The first realistic sign Flyers hockey will return could come as early as Monday.
That’s when the NHL begins its Phase 2 Return to Play plan and teams can allow small groups of players into their practice facilities.
According to Flyers general manager Chuck Fletcher, about six players are expected to attend an informal workout at the Skate Zone in Voorhees, N.J.
Unofficially, it’s the first time multiple Flyers players will be together on the ice since pro sports were shut down March 11-12 due to the COVID-19 pandemic.
“The Philadelphia Flyers are opening up the team’s training facility at Skate Zone to our players for voluntary on and off ice workouts on Monday, June 8,’’ Fletcher said in a statement released by the Flyers on Friday.
“We expect approximately six players to initially participate with additional players to join in the coming weeks.
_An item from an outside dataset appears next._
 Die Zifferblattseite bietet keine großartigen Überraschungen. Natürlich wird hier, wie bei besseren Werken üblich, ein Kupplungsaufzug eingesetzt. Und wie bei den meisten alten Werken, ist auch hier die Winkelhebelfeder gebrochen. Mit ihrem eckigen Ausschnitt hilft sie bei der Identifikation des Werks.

We are pleased to offer our players the ability to train in a safe environment as we look forward to a resumption of our season in the near future.’’
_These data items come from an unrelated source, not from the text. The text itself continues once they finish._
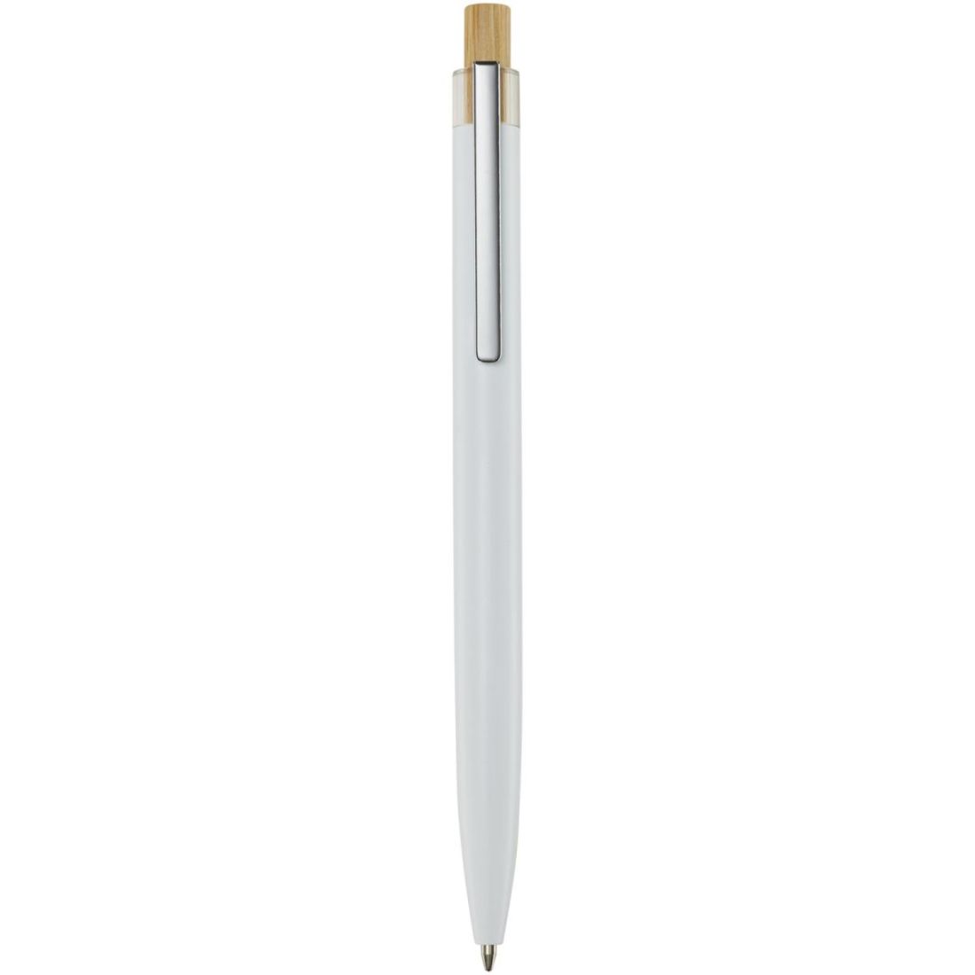 El bolígrafo está fabricado con aluminio reciclado, que requiere menos energía que la producción de aluminio a partir de materias primas. También disminuye la cantidad de residuos en los vertederos y ayuda a conservar los recursos naturales con el objetivo de reducir las emisiones de gases de efecto invernadero. El pulsador está hecho de bambú. Color de la tinta: Azul. Longitud de escritura: 800 metros. Tamaño de la punta: 1,00 mm.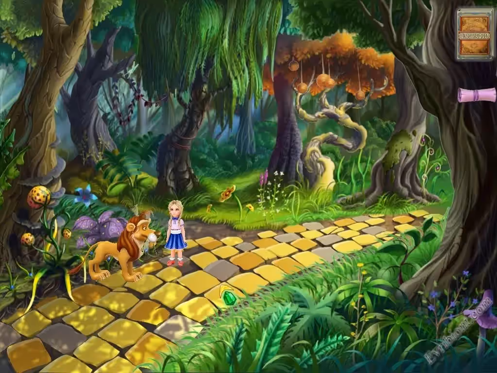 В игре как и в рассказе Элли и Тотошка должны попасть в Волшебную страну. Но в пути случилась неприятность, Тотошка случайно попал в плен к черному камню Гингемы. Теперь вам нужно спасти лучшего друга Элли. Для этого вам нужна волшебная книга по географии, в ней хранятся все знания о нашей планете. Вы узнаете очень много интересных фактов о планете Земля - о космосе, небе, животных и растениях, о людях из дальних стран.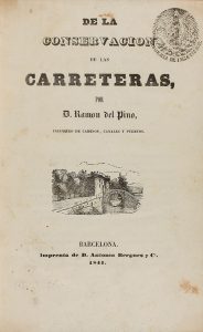 1841. PINO, RAMON DEL: DE LA CONSERVACION DE LAS CARRETERAS. Barcelona: Imprenta de D. Antonio Bergnes, 1841. 8º. 116 p. 3 listados plegados y 1 grabado plegado. Encuadernado en media piel y puntas. Sello estampillado en portada.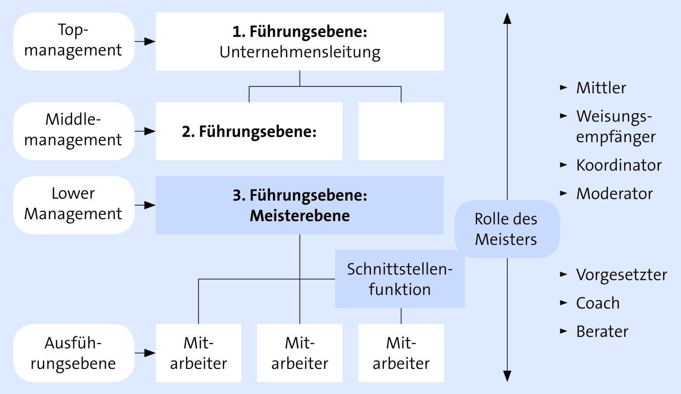 Der Meister hat einerseits die von der Unternehmensleitung vorgegebenen Ziele und die damit verbundenen Aufgaben wahrzunehmen und gleichzeitig – im Rahmen dieser Ziele – die Erwartungen der Mitarbeiter zu berücksichtigen.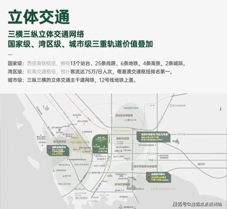 地铁上盖物业,无缝接驳地铁12号线中山公园站,经深南大道、月亮湾大道,直通前海。前海交通枢纽,海、陆、空、轨四维立体交通,畅达粤港澳大湾区各大城市。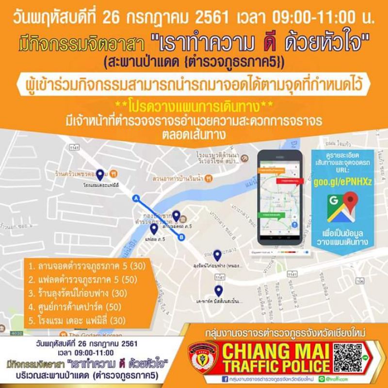 พรุ่งนี้วันพฤหัสบดีที่ 26กรกฎาคม 2561 ช่วงเวลา 09.00-11.00น.จะการส่งมอบพื้นที่การดำเนินการโครงการ”จิตอาสาพัฒนาปรับภูมิทัศน์สะพานป่าแดดภาค5 พัฒนาถนนมหิดลและถนนสนามบิน” ตามแนวพระราชดำริ “เราทำความดี ด้วยหัวใจ”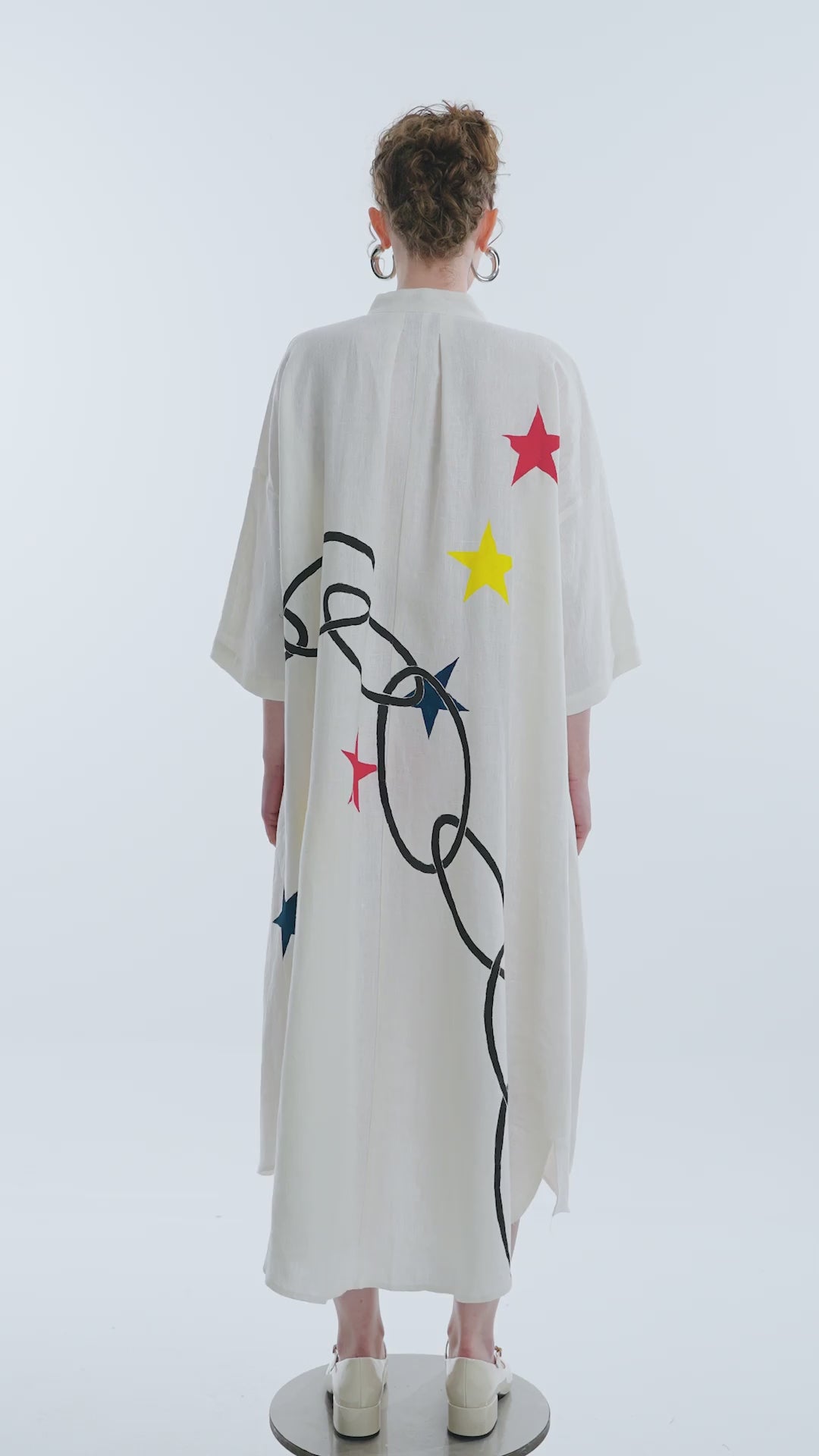 - Asymmetrical cut linen midi dress with a grandad collar, front button closure, three-quarter sleeves, hand-painted patterns.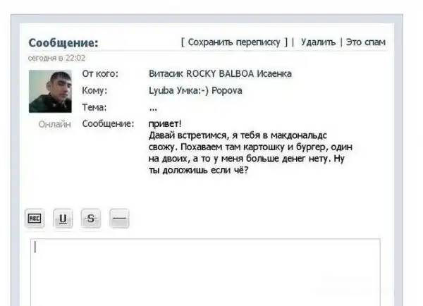 Ну и теперь когда вы вдоволь насмотрелись на Любашу, прошу ознакомиться с её перепиской с настоящими горячими парнями.

Not all 31 NHL teams are expected to open their practice rinks. A few, such as the Montreal Canadiens and the Winnipeg Jets, do not plan to, in part, because of complications involving travel restrictions.
Obviously the Flyers’ workouts will be closed to the public and the number of staff personnel in the building greatly limited.
The NHL has made a great show of promising “daily’’ testing of all players once Stanley Cup postseason play begins perhaps sometime this summer.
But it is unclear if there will be the same degree of league-wide testing during this reopening period.
That might cause a little consternation among some players, given the news on Thursday that a member of the Pittsburgh Penguins had tested positive for the coronavirus and was sent home to quarantine.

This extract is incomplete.